YOUR ASSIGNMENT:
Each line below should be repeated exactly, but no picture should be carried over.

DATA BLOCK START

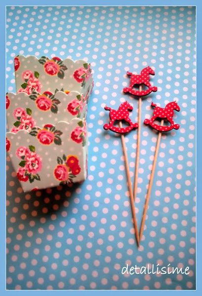 Y también podéis poner en la mesa, unos palillos de madera con estos caballitos rojos con topitos (que no pueden ser más monos (12 cms) con los que también podéis hacer también brochetas....o adornar tartas, bizcochos, cupcakes....
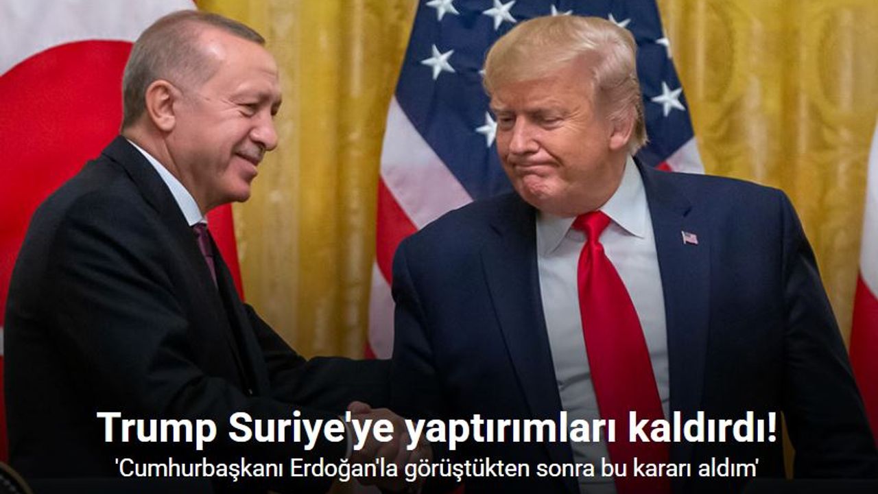 ABD Başkanı Donald Trump, Suriye’ye yönelik tüm yaptırımları kaldıracaklarını açıklayarak, söz konusu kararı Cumhurbaşkanı Recep Tayyip Erdoğan ve Suudi Arabistan Veliaht Prens Muhammed bin Selman’la aldığını ifade etti.
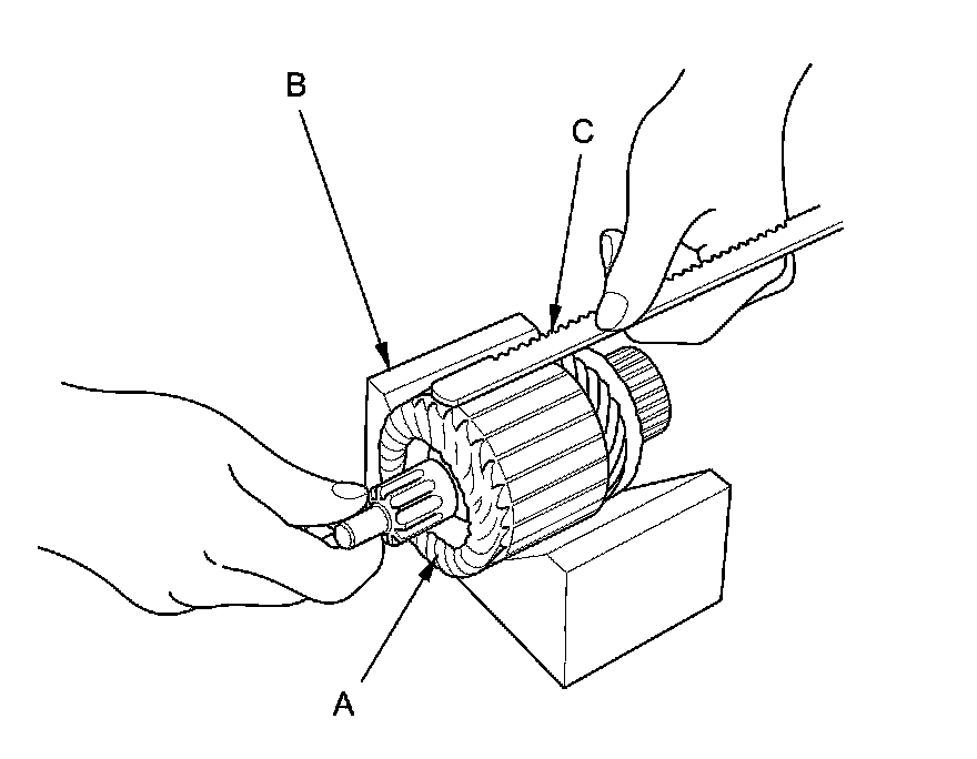 12. Place the armature (A) on an armature tester (B). Hold a hacksaw blade (C) on the armature core. If the blade is attracted to the core while the core is turned, the armature is shorted. Replace the armature.

DATA BLOCK END

RESULT OF THIS TASK:
 Y también podéis poner en la mesa, unos palillos de madera con estos caballitos rojos con topitos (que no pueden ser más monos (12 cms) con los que también podéis hacer también brochetas....o adornar tartas, bizcochos, cupcakes....
 ABD Başkanı Donald Trump, Suriye’ye yönelik tüm yaptırımları kaldıracaklarını açıklayarak, söz konusu kararı Cumhurbaşkanı Recep Tayyip Erdoğan ve Suudi Arabistan Veliaht Prens Muhammed bin Selman’la aldığını ifade etti.
 12. Place the armature (A) on an armature tester (B). Hold a hacksaw blade (C) on the armature core. If the blade is attracted to the core while the core is turned, the armature is shorted. Replace the armature.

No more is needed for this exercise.